Volkswagen-Chef Oliver Blume stimmt die Belegschaft auf einen tiefgreifenden Umbau und einen verschärften Sparkurs ein. Vor den ab dem 25. August geplanten Betriebsversammlungen rief er zum Zusammenhalt auf: „Auf die nächsten Wochen kommt es an: Alle müssen mitziehen“, sagte Blume in einem Interview mit der Bild am Sonntag, über das unter anderem das ZDF berichtete.

Bereits in einem am 21. August veröffentlichten internen Interview hatte Blume die Lage bei Volkswagen als „mehr als kritisch“ bezeichnet. Zugleich sagte der Konzernchef, Volkswagen sei handlungsfähig, habe aber akuten Handlungsbedarf. Die Einschätzung stammt von Blume und ist keine unabhängige Messgröße für die wirtschaftliche Lage des Konzerns.

Als zentrale Probleme nennt Blume die zu geringe operative Rendite, zu hohe Kosten und eine aus seiner Sicht überdimensionierte, langsame und komplizierte Konzernstruktur. Die operative Rendite von 3,8 Prozent sei zwar solide, reiche aber bei weitem nicht aus, um dauerhaft genügend Mittel für neue Technologien, neue Produkte und die Standorte zu erwirtschaften. Auch bisherige Einsparungen genügten nach seiner Darstellung nicht. Die Kosten in deutschen Autofabriken seien im vergangenen Jahr im Durchschnitt um etwa 20 Prozent gesenkt worden, erklärte Blume beziehungsweise die Volkswagen-Kommunikation.

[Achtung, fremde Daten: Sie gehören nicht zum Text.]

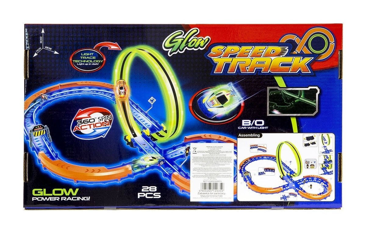 Светящаяся автомобильная трасса – отличный подарок для самых маленьких любителей автогонок. Изделие легко собрать и доставит массу удовольствия на долгие часы. Набор состоит из трассы с 28 элементами и 1 машинки с фонарями. Дополнительной достопримечательностью являются люминесцентные элементы, которые освещаются фарами едущего по трассе автомобиля.

Volkswagen will laut Blume den größten Transformationsplan der Unternehmensgeschichte umsetzen und den Konzern bis 2030 neu aufstellen. Die konkrete Ausgestaltung und endgültige Verabschiedung des Zielbilds sind noch nicht vollständig öffentlich. Blume beschreibt den Konzern zudem als zu groß, zu langsam und zu kompliziert aufgestellt. Als weiterer wirtschaftlicher Hintergrund werden das schwächere VW-Geschäft in China, steigende Produktionskosten und der schwierige Wandel der deutschen Autoindustrie zu klimafreundlicheren Antrieben genannt.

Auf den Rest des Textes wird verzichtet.